As for me, I'm ready to work on my problem and get through it.... now if she'd just forgive me and realize I am the guy she knew when we wer just friends we could work through it and find something amazing. If not? Then hopefully someone someday will have what it takes to help me through the piles of manure I've accumulated around me from playing this STUPID GAME!

6 comments:

Leon said...

Amen, brother. Amen.

Levi Dean said...

I agree whole heartily. If a guy doesn't want to take a girl out then he doesn't ask her out. If a girl doesn't want to go out with a guy then she should say no.

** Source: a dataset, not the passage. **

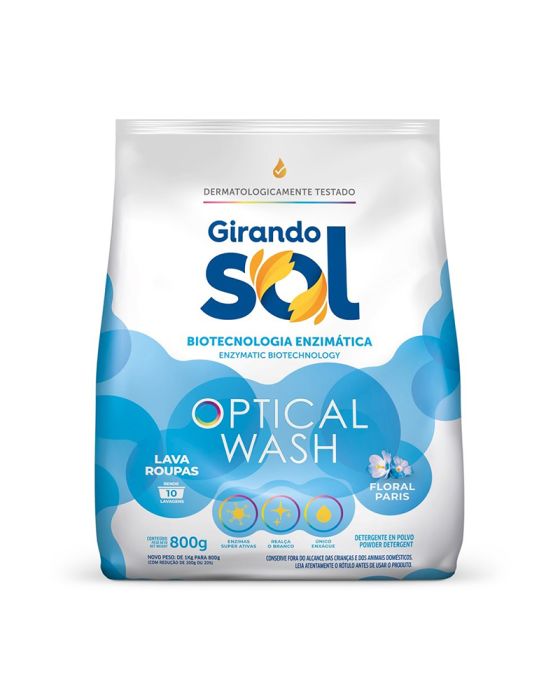 Características - Detergente em Pó Girando Sol - Sachê de 800G - Cor: Azul / Floral Paris - Produto Ecológico - NÃO CONTÉM TRIPOLIFOSFATO DE SÓDIO. - Produto Biodegradável - Preserva o oxigênio das águas. - Cuida e perfuma suas roupas. - Com enzimas superativas. - Para todo tipo de máquina.Modo de Usar - Leia as instruções na etiqueta da roupa. - Separe as roupas brancas das coloridas. - IMPORTANTE: Para aproveitar ao máximo o seu produto e obter os melhores resultados de limpeza, rendimento e perfumação, use sempre a dosagem recomendada. - ATENÇÃO: não coloque o produto direto sobre o tecido. Dissolva-o na água e depois coloque a roupa. - Para obter melhores resultados, recomenda-se deixar a roupa de molho por 1 hora. - Nunca deixe suas roupas de molho ao sol. - Seque as roupas brancas à luz natural e as coloridas à sombra.Precauções - CONSERVE FORA DO ALCANCE DAS CRIANÇAS E DOS ANIMAIS DOMÉSTICOS. - Não ingerir. - Evite inalação ou aspiração, contato com os olhos. - Evite o contato prolongado com a pele. - Depois de utilizar este produto, lave e seque as mãos. - Em caso de contato com os olhos ou com a pele, lave imediatamente com água em abundância. - Em caso de ingestão, não provoque vômito e consulte imediatamente o Centro de Intoxicações ou o médico, levando o rótulo do produto. - Manter o produto em sua embalagem original. - Não reutilizar a embalagem vazia para outros fins. Composição Química - Composição: Tensoativo Aniônico, Coadjuvantes, Sinergistas, Branqueadores Ópticos, Enzimas, Corante, Fragrância e Água. - Princípio Ativo: Dodecil Benzeno Sulfonato de Sódio. * As especificações podem ser alteradas sem aviso prévio ** Imagem meramente ilustrativa

I think a guy heart gets broken more by the actions a girl take to spare it then if she would just do it quit like pulling off a band aid.

Anonymous said...

I remember our MANY talks about this very thing. I'm sorry that it keeps happening. By the way I really enjoyed our weird conversations/friendship we had before I got married. I learned lots from talking to you and seeing your point of view. Thanks for all your advice and help when I was going crazy the first week of dating Adam. Good luck and keep on keepin on!:)

Haley said...

Hi. I blog stalked you from Jason's blog. You helped me shoot a shotgun once. We all survived somehow.

I just wanted to tell you to keep on truckin'. Girls are the devil sometimes. But, there's a pretty rad quote by C.S. Lewis about how "to love is to be vulnerable." Look it up. It'll give you courage for another day of this mess.

And maybe it'll be your day.

Anonymous said...

Recently I've decided to look at dating as a contact sport. (I don't mean in a dirty way...) Let's say...football. When you are brand new to the sport you are going to be confused about some of the rules and strategies, and you will get knocked down frequently, and it will probably hurt. It is easy to get frustrated, decide you don't like the game, and want to sit on the sidelines for a while. After some time on the sidelines you may see that those who are in the game, and play it well, seem to have a lot of fun. Eventually the desire to get back in the game will grow until you are no longer scared to get hit and take a fall. When that happens you get back up, figure out what went wrong and try again. You develop your skills, practice the strategies, and learn what to do in certain situations. Eventually, after enough practice, you will recognize when to move, and how to position yourself to catch the ball. Sure you might fumble a few catches, but eventually you will find yourself with a catch in hand running to the end zone.

Anonymous said...

So I really like the corral analogy. I laughed really hard, especially at the part where maybe you keep falling in the pile of pooh again and again. Oh Kendall! You're funny.